"A New York Treasure" --Village Voice

Fighting

Just as they did on Saturday night, the Yankees fell behind 3-0 early yesterday as Mike Mussina showed his usual long-rest rust and spent as much time arguing with home plate umpire C.B. Bucknor as he did actually getting hitters out during the first three innings. Moose locked it down, however, and the Yankees rallied against Edwin Jackson in the fifth to take the lead, hitting for the cycle with a Robinson Cano single, an Andy Phillips triple that was badly misplayed by B.J. Upton in center (payback for Upton robbing him of a 400-foot extra-base hit on Saturday), a Wil Nieves double (his first extra-base hit of the year), and a two-run Derek Jeter home run.

Mussina fought his way through six innings with the help of some great defense, starting with his own, as he snagged a comebacker from the first batter he faced.
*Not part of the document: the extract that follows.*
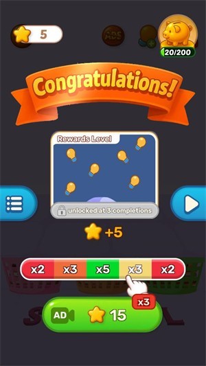 3、将所有物品全部摆放整齐后就可以通关,通关会获得星星奖励。
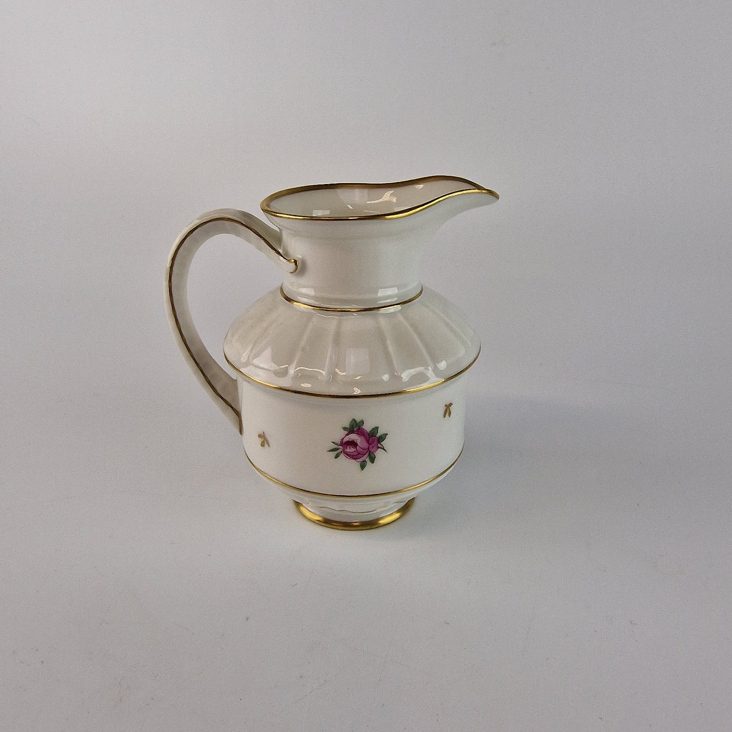 Roselil er kantet hvidt porcelæn med bred guldkant og er dekoreret med roser og blade

Later in the first inning, with Carl Crawford on second and Brendan Harris on first, Carlos Peña singled to center to plate Crawford, but Melky Cabrera threw behind Harris to catch him rounding second base too far for the second out. The third inning came to a scoreless close when Hideki Matsui threw out B.J. Upton trying to score from second on a single to left thanks in part to Upton’s sore quadriceps and a great swipe tag by Wil Nieves. In the fourth, Carl Crawford ground to Andy Phillips deep at first, and Phillips beat Crawford in a footrace to the bag, colliding dramatically with the Tampa center fielder (thankfully, neither player was injured). The fifth ended on a 4-6-3 double play, and Melky again gunned out a runner at second base in the sixth as he caught Ty Wigginton trying to stretch a single.

Ron Villone came on in the seventh and promptly coughed up the lead by surrendering a two-run homer to Peña, but the Yankees quickly fought back in the eighth. Alex Rodriguez led off with a double to drive reliever Brian Stokes from the game. Hideki Matsui greeted Casey Fossum with a single that put runners on the corners. After Melky struck out, Robinson Cano plated Rodriguez with a sac fly on which Matsui alertly took second. Gary Glover then came on to face Phillips, who singled home Matsui to regain the lead and took second on the throw home. After pinch-hitter Jorge Posada was intentionally walked and Johnny Damon was unintentionally walked, Derek Jeter ground to third baseman Akinori Iwamura, but Iwamura couldn’t find the handle on the ball and all hands were safe, with Phillips scoring what proved to be a crucial insurance run.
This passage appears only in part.